__About this exercise__: A word-for-word repetition of the records beneath this task is the expected answer.

__Input__:
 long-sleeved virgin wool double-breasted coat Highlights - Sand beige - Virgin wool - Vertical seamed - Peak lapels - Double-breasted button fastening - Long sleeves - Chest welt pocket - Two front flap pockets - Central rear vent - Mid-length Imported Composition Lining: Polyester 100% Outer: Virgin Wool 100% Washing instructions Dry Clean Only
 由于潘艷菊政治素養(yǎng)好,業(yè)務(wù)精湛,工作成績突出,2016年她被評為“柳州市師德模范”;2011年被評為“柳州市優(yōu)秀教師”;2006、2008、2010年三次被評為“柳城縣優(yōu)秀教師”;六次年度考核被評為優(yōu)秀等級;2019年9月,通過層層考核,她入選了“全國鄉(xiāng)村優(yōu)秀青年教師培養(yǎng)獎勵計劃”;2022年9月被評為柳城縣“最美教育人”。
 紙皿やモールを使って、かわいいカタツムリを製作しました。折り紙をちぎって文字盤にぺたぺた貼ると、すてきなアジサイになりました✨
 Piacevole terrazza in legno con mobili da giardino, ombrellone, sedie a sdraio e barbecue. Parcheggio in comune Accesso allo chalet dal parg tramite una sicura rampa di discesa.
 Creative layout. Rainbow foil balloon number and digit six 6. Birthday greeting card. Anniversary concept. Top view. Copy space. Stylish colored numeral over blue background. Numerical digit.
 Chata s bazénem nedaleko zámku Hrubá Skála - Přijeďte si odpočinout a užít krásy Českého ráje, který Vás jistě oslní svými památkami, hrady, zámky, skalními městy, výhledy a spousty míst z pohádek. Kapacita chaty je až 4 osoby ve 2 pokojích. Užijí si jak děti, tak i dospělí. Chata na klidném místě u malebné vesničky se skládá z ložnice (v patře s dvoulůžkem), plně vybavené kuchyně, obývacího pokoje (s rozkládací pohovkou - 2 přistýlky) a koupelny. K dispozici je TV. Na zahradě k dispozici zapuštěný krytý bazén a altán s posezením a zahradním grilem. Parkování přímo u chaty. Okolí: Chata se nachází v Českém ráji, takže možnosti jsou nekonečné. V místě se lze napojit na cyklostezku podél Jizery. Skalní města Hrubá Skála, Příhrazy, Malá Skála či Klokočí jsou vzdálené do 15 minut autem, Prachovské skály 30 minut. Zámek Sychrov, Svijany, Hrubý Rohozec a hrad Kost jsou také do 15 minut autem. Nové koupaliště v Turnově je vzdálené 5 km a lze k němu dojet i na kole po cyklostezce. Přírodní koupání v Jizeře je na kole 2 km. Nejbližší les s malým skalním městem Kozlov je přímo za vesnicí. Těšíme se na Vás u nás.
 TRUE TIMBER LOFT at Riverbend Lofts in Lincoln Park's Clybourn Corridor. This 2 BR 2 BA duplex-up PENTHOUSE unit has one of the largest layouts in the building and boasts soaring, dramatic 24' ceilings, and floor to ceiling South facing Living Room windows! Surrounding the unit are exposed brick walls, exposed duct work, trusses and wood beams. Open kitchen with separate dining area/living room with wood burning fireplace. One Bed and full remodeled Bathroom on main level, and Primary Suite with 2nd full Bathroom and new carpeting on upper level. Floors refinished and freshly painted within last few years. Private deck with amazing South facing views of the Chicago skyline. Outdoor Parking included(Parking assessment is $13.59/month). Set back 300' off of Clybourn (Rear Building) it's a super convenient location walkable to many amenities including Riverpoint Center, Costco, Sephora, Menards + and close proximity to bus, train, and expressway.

__Response to this task__:
 long-sleeved virgin wool double-breasted coat Highlights - Sand beige - Virgin wool - Vertical seamed - Peak lapels - Double-breasted button fastening - Long sleeves - Chest welt pocket - Two front flap pockets - Central rear vent - Mid-length Imported Composition Lining: Polyester 100% Outer: Virgin Wool 100% Washing instructions Dry Clean Only
 由于潘艷菊政治素養(yǎng)好,業(yè)務(wù)精湛,工作成績突出,2016年她被評為“柳州市師德模范”;2011年被評為“柳州市優(yōu)秀教師”;2006、2008、2010年三次被評為“柳城縣優(yōu)秀教師”;六次年度考核被評為優(yōu)秀等級;2019年9月,通過層層考核,她入選了“全國鄉(xiāng)村優(yōu)秀青年教師培養(yǎng)獎勵計劃”;2022年9月被評為柳城縣“最美教育人”。
 紙皿やモールを使って、かわいいカタツムリを製作しました。折り紙をちぎって文字盤にぺたぺた貼ると、すてきなアジサイになりました✨
 Piacevole terrazza in legno con mobili da giardino, ombrellone, sedie a sdraio e barbecue. Parcheggio in comune Accesso allo chalet dal parg tramite una sicura rampa di discesa.
 Creative layout. Rainbow foil balloon number and digit six 6. Birthday greeting card. Anniversary concept. Top view. Copy space. Stylish colored numeral over blue background. Numerical digit.
 Chata s bazénem nedaleko zámku Hrubá Skála - Přijeďte si odpočinout a užít krásy Českého ráje, který Vás jistě oslní svými památkami, hrady, zámky, skalními městy, výhledy a spousty míst z pohádek. Kapacita chaty je až 4 osoby ve 2 pokojích. Užijí si jak děti, tak i dospělí. Chata na klidném místě u malebné vesničky se skládá z ložnice (v patře s dvoulůžkem), plně vybavené kuchyně, obývacího pokoje (s rozkládací pohovkou - 2 přistýlky) a koupelny. K dispozici je TV. Na zahradě k dispozici zapuštěný krytý bazén a altán s posezením a zahradním grilem. Parkování přímo u chaty. Okolí: Chata se nachází v Českém ráji, takže možnosti jsou nekonečné. V místě se lze napojit na cyklostezku podél Jizery. Skalní města Hrubá Skála, Příhrazy, Malá Skála či Klokočí jsou vzdálené do 15 minut autem, Prachovské skály 30 minut. Zámek Sychrov, Svijany, Hrubý Rohozec a hrad Kost jsou také do 15 minut autem. Nové koupaliště v Turnově je vzdálené 5 km a lze k němu dojet i na kole po cyklostezce. Přírodní koupání v Jizeře je na kole 2 km. Nejbližší les s malým skalním městem Kozlov je přímo za vesnicí. Těšíme se na Vás u nás.
 TRUE TIMBER LOFT at Riverbend Lofts in Lincoln Park's Clybourn Corridor. This 2 BR 2 BA duplex-up PENTHOUSE unit has one of the largest layouts in the building and boasts soaring, dramatic 24' ceilings, and floor to ceiling South facing Living Room windows! Surrounding the unit are exposed brick walls, exposed duct work, trusses and wood beams. Open kitchen with separate dining area/living room with wood burning fireplace. One Bed and full remodeled Bathroom on main level, and Primary Suite with 2nd full Bathroom and new carpeting on upper level. Floors refinished and freshly painted within last few years. Private deck with amazing South facing views of the Chicago skyline. Outdoor Parking included(Parking assessment is $13.59/month). Set back 300' off of Clybourn (Rear Building) it's a super convenient location walkable to many amenities including Riverpoint Center, Costco, Sephora, Menards + and close proximity to bus, train, and expressway.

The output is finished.